For the thousands of women a year who are diagnosed with pelvic organ prolapse (POP) or stress urinary incontinence (SUI), vaginal mesh implants were billed as the perfect fix to an uncomfortable and painful problem. But with an increasing number of women suffering from severe side effects as a result of faulty mesh, federal regulators and medical professionals have put the brakes on this surgical fix.

While the U.S. Food and Drug Administration (FDA) has yet to issue a mesh recall, many doctors and surgeons have been taking the situation seriously and refusing to use the devices. Thousands of women have reported injuries from vaginal mesh, which is also known as transvaginal mesh because of the way it is surgically implanted.

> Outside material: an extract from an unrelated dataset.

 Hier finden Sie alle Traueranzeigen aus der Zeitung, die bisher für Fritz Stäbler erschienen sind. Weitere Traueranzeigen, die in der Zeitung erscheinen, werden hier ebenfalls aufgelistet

What is Transvaginal Mesh?

While surgical mesh has been used for decades to fix hernias, its more recent use has been transvaginally. The mesh is made from a flexible plastic and looks like a little hammock. It is inserted vaginally and surgically sewn into place, as opposed to abdominal-incision placement. Its aim is to support organs – namely the bladder, rectum and uterus – that fall into the vagina due to weakened pelvic muscles from menopause, a hysterectomy or childbirth. It is also used to hold up the bladder as a mean to stop urinary incontinence.

All of the transvaginal mesh devices on the market today are modeled after one design – Boston Scientific's ProteGen mesh device – that was recalled in the 1990s. Although the ProteGen device was only on the market for a few years, it paved the way for similar shoddy devices. Because of lax FDA rules, today's mesh manufacturers have been able to piggyback on ProteGen's entry into the market. Mesh manufacturers that include Boston Scientific, Johnson & Johnson's Ethicon division, C.R. Bard and American Medical Systems have been able to circumvent any clinical trials and testing and put the devices directly into doctors' hands.

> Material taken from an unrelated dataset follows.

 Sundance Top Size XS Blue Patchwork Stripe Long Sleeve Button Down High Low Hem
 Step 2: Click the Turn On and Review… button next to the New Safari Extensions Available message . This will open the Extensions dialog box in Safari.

Long before the FDA acknowledged a problem with transvaginal mesh devices, medical researchers saw the difficulties. In 2009, researchers put an abrupt stop to a study reviewing mesh and its complications. The study, which ran in the journal Obstetrics & Gynecology, found that more than 15 percent of mesh patients experienced erosion, resulting in pain and infection. "The bottom line is not only there were more complications, but the mesh didn't prove any better than traditional surgery," the lead researcher told The New York Times. By 2011, the FDA conceded that problems with mesh are "not rare" and can be very serious.

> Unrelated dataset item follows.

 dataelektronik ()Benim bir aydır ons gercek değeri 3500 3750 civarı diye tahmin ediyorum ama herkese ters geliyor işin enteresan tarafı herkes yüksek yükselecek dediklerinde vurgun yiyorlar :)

Common Side Effects of Vaginal Mesh Implants

The most serious side effect resulting from mesh implants is mesh erosion, which happens when pieces of the mesh fall apart, form sharp edges and puncture nearby organs. The resulting effects include uncontrollable bleeding, infections and organ perforation. Often, women choose to have the mesh removed, but it is a tricky surgery. However, some skilled surgeons are having limited success in this emerging field of medicine.

Another common side effect is mesh shrinkage. While it's not completely clear why the mesh shrinks, some research suggests it may happen due to an immune response. Again, surgical removal for mesh shrinkage is the only answer. Probably the most frustrating part of all the mesh problems is that research shows that mesh does not fix POP or SUI.